#### [Aim of the exercise]
Of all the entries below, only the lines from the one with "Ce bracelet fait" up to and including the one with "This 5 page" are to be duplicated exactly.

#### [Data supplied]
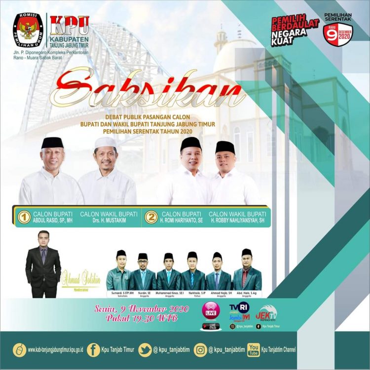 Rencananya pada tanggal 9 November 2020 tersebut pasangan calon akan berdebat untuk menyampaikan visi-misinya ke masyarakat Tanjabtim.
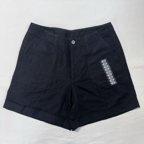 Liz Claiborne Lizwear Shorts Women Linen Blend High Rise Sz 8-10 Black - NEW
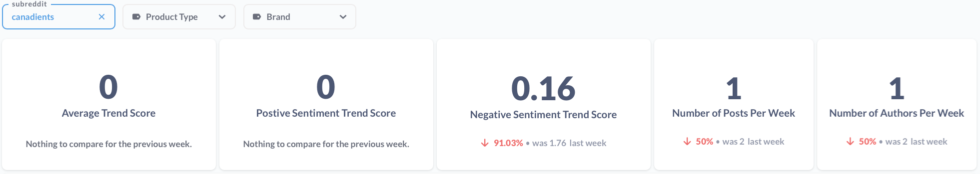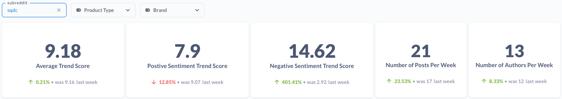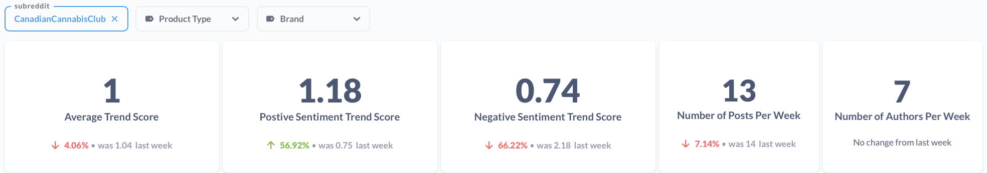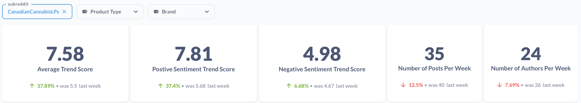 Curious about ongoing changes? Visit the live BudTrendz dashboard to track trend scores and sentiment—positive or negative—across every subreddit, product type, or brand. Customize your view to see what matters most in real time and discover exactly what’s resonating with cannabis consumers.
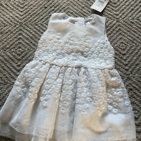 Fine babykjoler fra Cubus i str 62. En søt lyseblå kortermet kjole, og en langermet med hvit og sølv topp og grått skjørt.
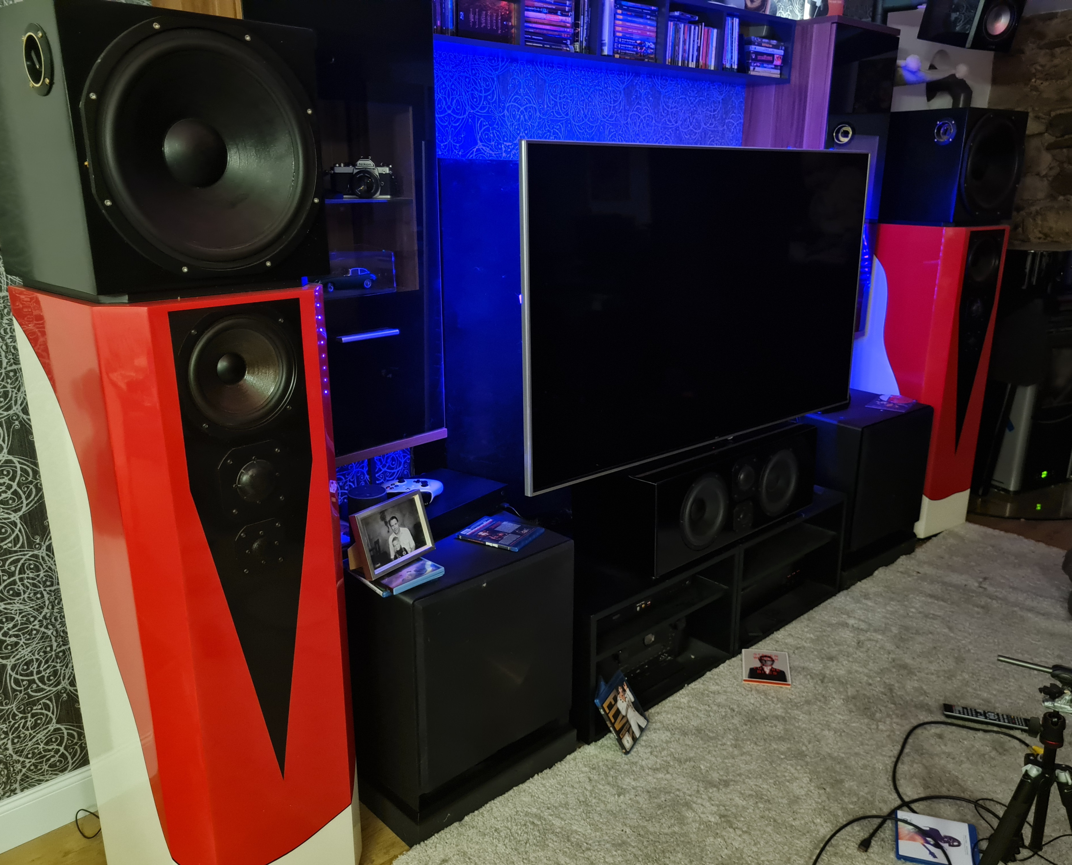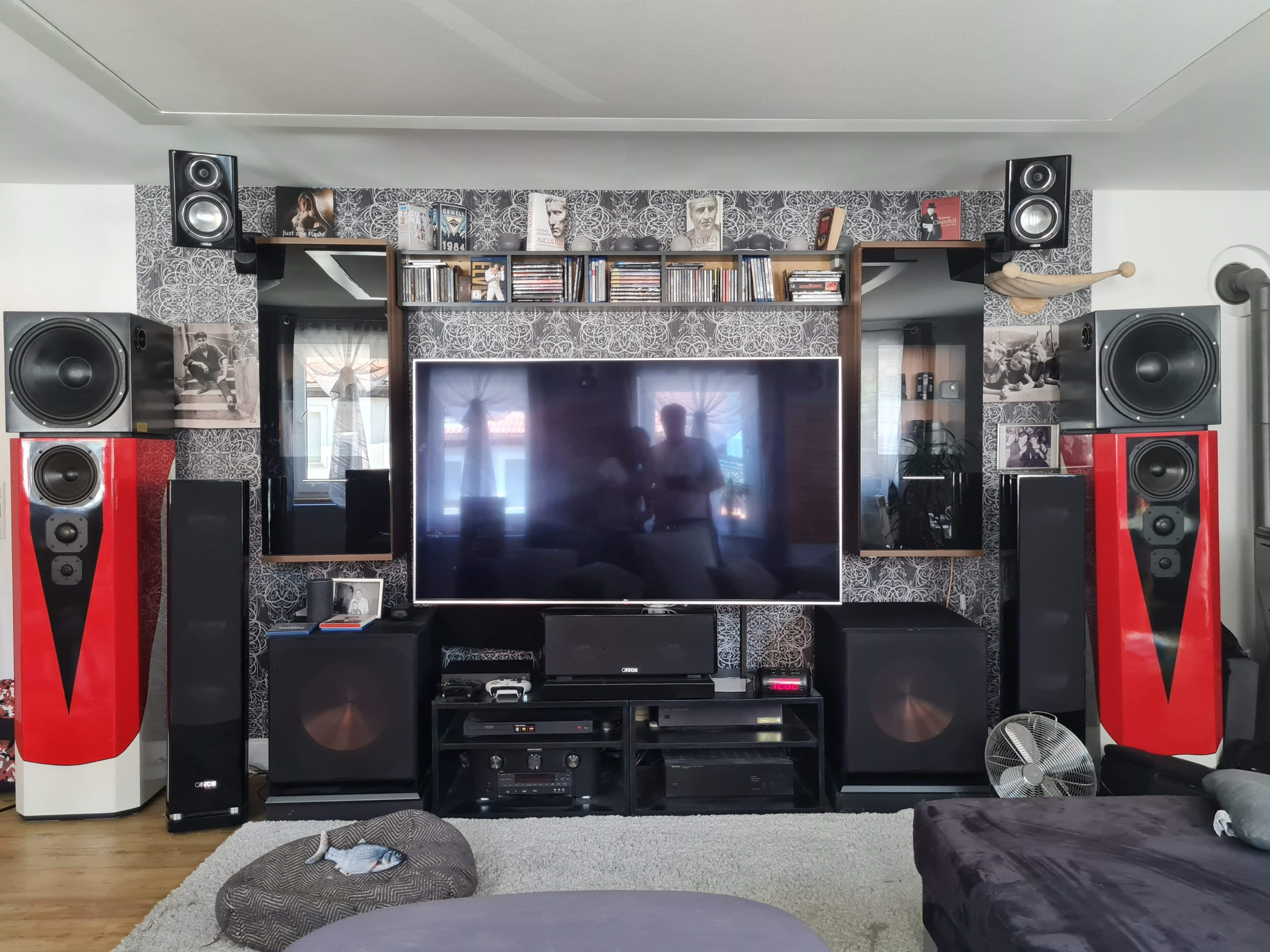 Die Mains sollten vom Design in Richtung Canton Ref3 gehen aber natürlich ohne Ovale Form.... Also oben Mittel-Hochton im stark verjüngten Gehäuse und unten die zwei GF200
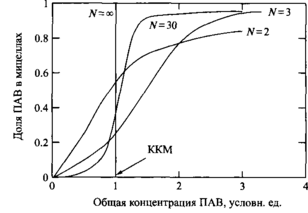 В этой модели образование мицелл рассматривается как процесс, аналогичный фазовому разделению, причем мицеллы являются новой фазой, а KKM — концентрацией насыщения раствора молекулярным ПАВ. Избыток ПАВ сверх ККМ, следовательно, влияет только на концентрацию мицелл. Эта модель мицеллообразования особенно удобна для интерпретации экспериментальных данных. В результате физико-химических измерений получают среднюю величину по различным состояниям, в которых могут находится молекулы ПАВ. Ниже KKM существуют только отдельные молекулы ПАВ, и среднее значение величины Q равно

...

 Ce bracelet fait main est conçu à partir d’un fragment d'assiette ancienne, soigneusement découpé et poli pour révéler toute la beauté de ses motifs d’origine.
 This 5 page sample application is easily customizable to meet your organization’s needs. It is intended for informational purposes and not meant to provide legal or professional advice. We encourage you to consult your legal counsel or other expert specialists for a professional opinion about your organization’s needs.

#### [Solution for this problem]
 Ce bracelet fait main est conçu à partir d’un fragment d'assiette ancienne, soigneusement découpé et poli pour révéler toute la beauté de ses motifs d’origine.
 This 5 page sample application is easily customizable to meet your organization’s needs. It is intended for informational purposes and not meant to provide legal or professional advice. We encourage you to consult your legal counsel or other expert specialists for a professional opinion about your organization’s needs.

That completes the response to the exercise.